*ASSIGNMENT*
Reproduce the line with "4日目 1月29日 後半" and everything after it in the listing below, exactly, both ends included. No pictures.

[Opening INFORMATION GIVEN section]

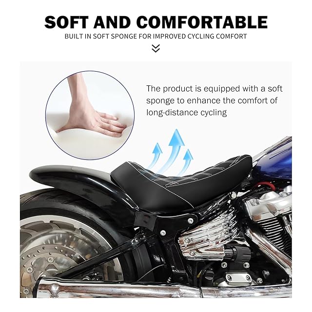 4.【 ソロ シート の斬新なデザイン】:低くワイドなカットでデザインされています。 ヒップ部分に余分な幅を提供します。より低い高さで乗ることができるだけでなく、凹凸のある路面の振動からライダーの腰を効果的に保護できます。
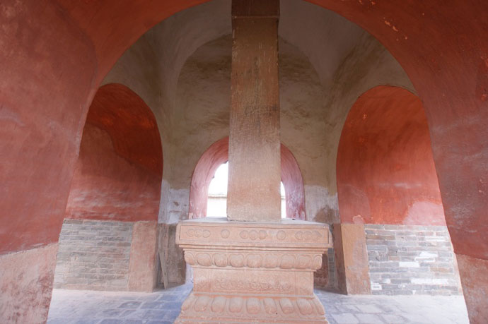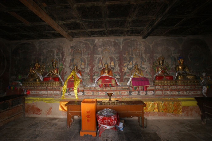 是一座重檐歇山式建筑,内檐门额上悬有敕赐金书“瞿昙寺”三字的横匾一方,下款有“大明洪武二十六年立”字样。瞿昙寺殿虽经补修,但完好地保留了原来的建筑风格和规模。殿内塑有三大古佛,8尊菩萨像,还有清光绪十二年(1886年)施的铜灯一盏,殿门外有明永乐年间(1403—1424)施的乌金大煨炉一个。有“独尊”匾一块,书法浑厚庄重,遒劲有力。殿内两侧和内夹墙墙壁上绘满各式精美的壁画,是明代壁画精品。
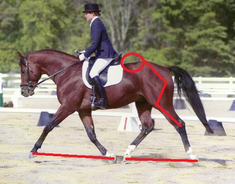 2) The hock of the landed leg is pushing off from behind the horse’s point of buttocks rather than from under the horse’s hip.
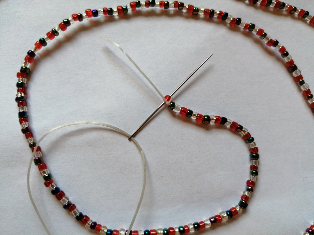 dann fädelst Du das Ende durch die erste Perle und wiederholst dies in der anderen Richtung. Jetzt Fadenende und Fadenanfang mit zwei festen Knoten verbinden.
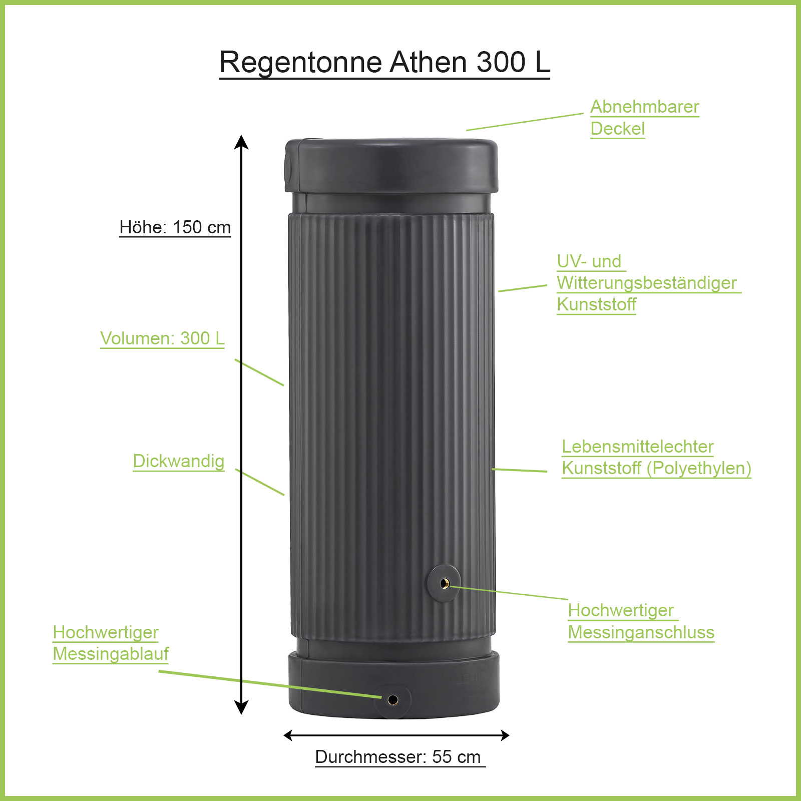 Art.-Nr.: 08334Die Regensäule anthrazit Athen speichert 300 Liter an wertvollem Regenwasser für die Gartenbewässerung. Dank der innovativen Säulenform nimmt die Regentonne eine sehr geringe Standfläche von gerade mal 55 x 55 cm ein. Der Säulentank besitzt zwei integrierte 3/4 Zoll Messing-Gewinde – perfekt für unsere Wasserhähne und weiteres Zubehör. Auch das Verbinden mehrere Säulen für mehr Volumen ist möglich.
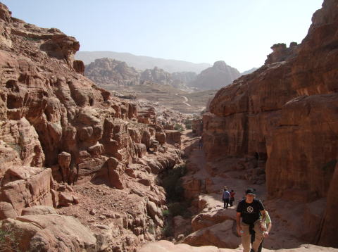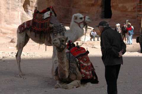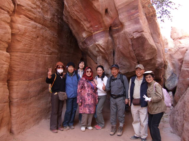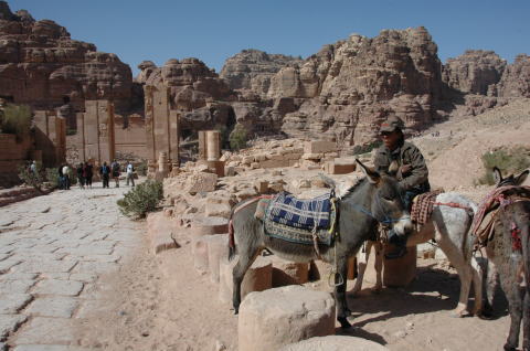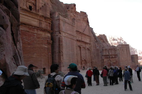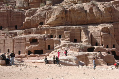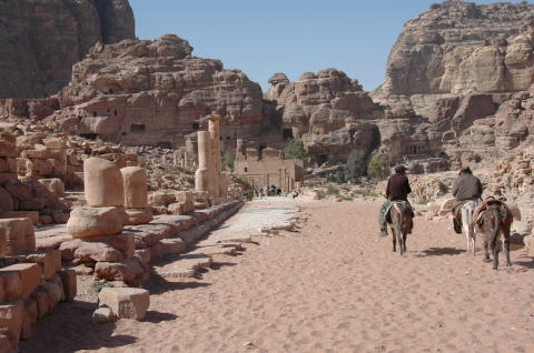 | 4日目 1月29日 後半 ペトラ遺跡は南北約5kmある。さまざまな墳墓や建物の遺構が残っている。 私たちはエル・ハズネ見学後ペトラ遺跡をさらに奥へと進んでいく。 |
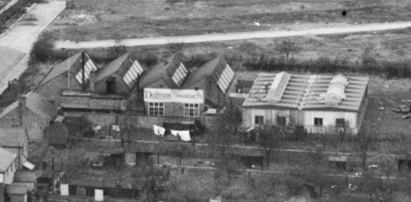From historic Ordnance Survey maps the factory was constructed sometime between 1904 and 1956 but not much else was known. Fortunately the factory appears in the corner of an early aerial photograph from 1927, helping to place it into the first quarter of the 20th Century. It appears again in an 1946 aerial photograph , which showed it had expanded and a sign is visible on the side of the building which read ‘Dalmas Products’.

[Closing INFORMATION GIVEN section]

*RESPONSE FOR THIS EXERCISE*
 | 4日目 1月29日 後半 ペトラ遺跡は南北約5kmある。さまざまな墳墓や建物の遺構が残っている。 私たちはエル・ハズネ見学後ペトラ遺跡をさらに奥へと進んでいく。 |
From historic Ordnance Survey maps the factory was constructed sometime between 1904 and 1956 but not much else was known. Fortunately the factory appears in the corner of an early aerial photograph from 1927, helping to place it into the first quarter of the 20th Century. It appears again in an 1946 aerial photograph , which showed it had expanded and a sign is visible on the side of the building which read ‘Dalmas Products’.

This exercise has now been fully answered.